Keke

Keke

I met Keke Collins at Gwynn Oak Park. It’s a pretty park with a pond and playground, a bucolic gem nestled in the midst of a chaotic city. It has been a difficult two years for Keke. In June of 2015, her boyfriend died after a long battle with cancer. Keke comes here from time to time to seek solace.

The day Jen took this photo was a humid July morning and our first photo shoot with rain. It wasn’t just rain, but a deluge that I’d later learn flooded my basement. Keke parked near me, and I rushed the few yards to her car. We looked at one another not saying a word but clearly communicating our shared concern that this photo would be impossible. “Jen will know what to do when she arrives,” I assured her.

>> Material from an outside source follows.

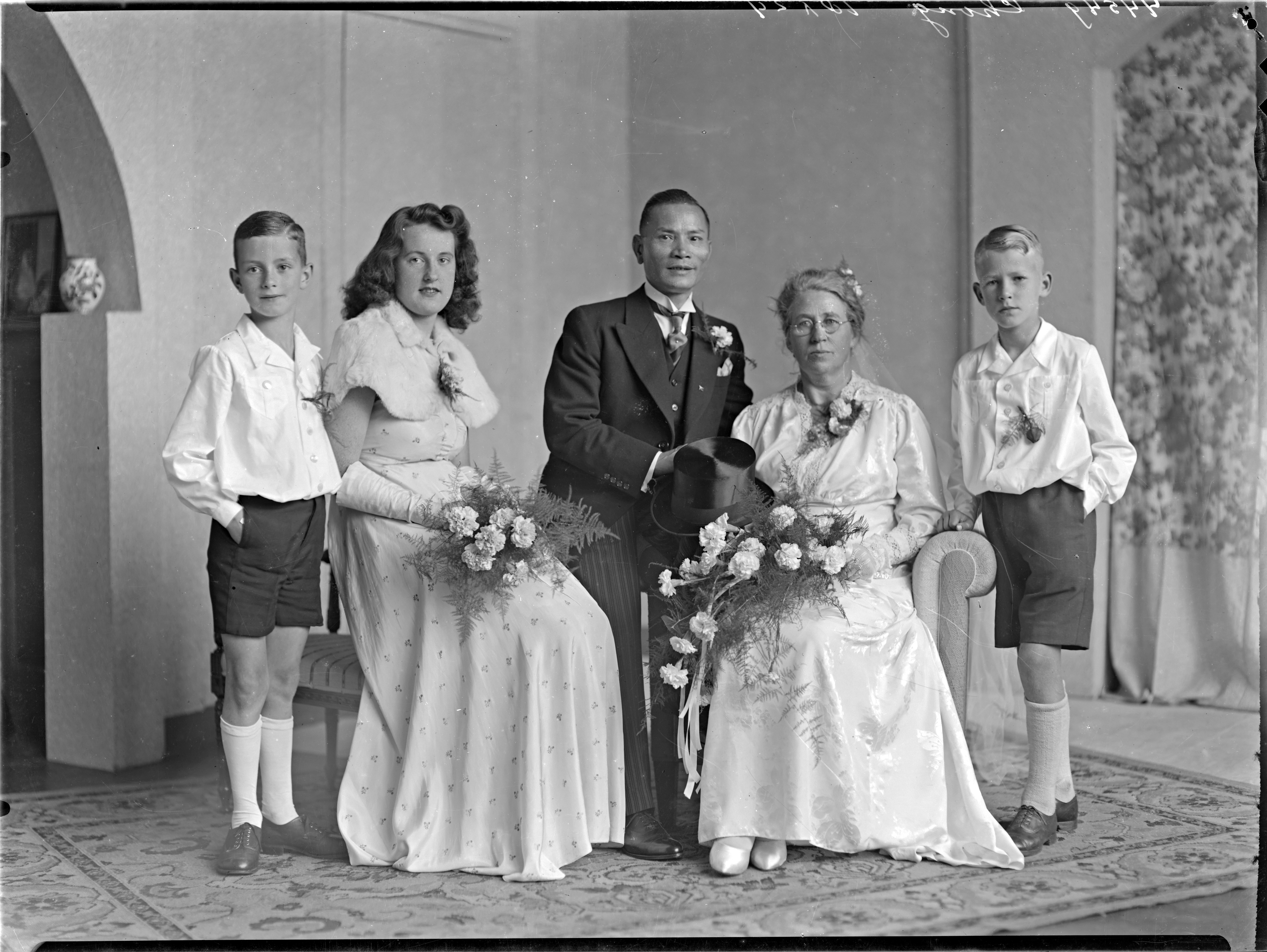 bruidspaar, Chinese bruidegom, bruidsmeisje, kinderen --- 08-08-1945 fotonummer 44549 Chong Transvaalstraat 24zw [bron: www.dordtenaZOEKer.nl] ---- WONINGKAART 1944 Transvaalstraat 24zw Din Yon Chong (geb. Wong Pei Lin [China] 25-11-1900; koopman)(geb. Kwantoeng Powong 26-11-1900, winkelier) / Adriana J. Berg

We sat and laughed about the absurdity of attempting a photograph in these conditions. I asked her about a snapshot slipped into the visor of her car of her with three beautiful little boys. She told me it was a picture of Donta and his two brothers. Donta was the middle child. Even in this studio photo you can tell that this is a boy with spirit and heart. His eyes sparkle with curiosity. Keke smiled at her children, “If anyone was going to make sure that I was okay, it was Donta. He always watched out for me.”

Jen jumped into the back of Keke’s car. “Ok, we’ll make this work,” she said. “Let’s just give it some time.”  We did.  We sat in the car and talked about Donta. Keke showed us a video of Donta taken at a job training site. He’d been invited back by the school to talk about his success as a welder. The video shows a handsome charismatic young man. He looks at the audience, “You gave me the opportunity to go forward. I’m not going backwards.”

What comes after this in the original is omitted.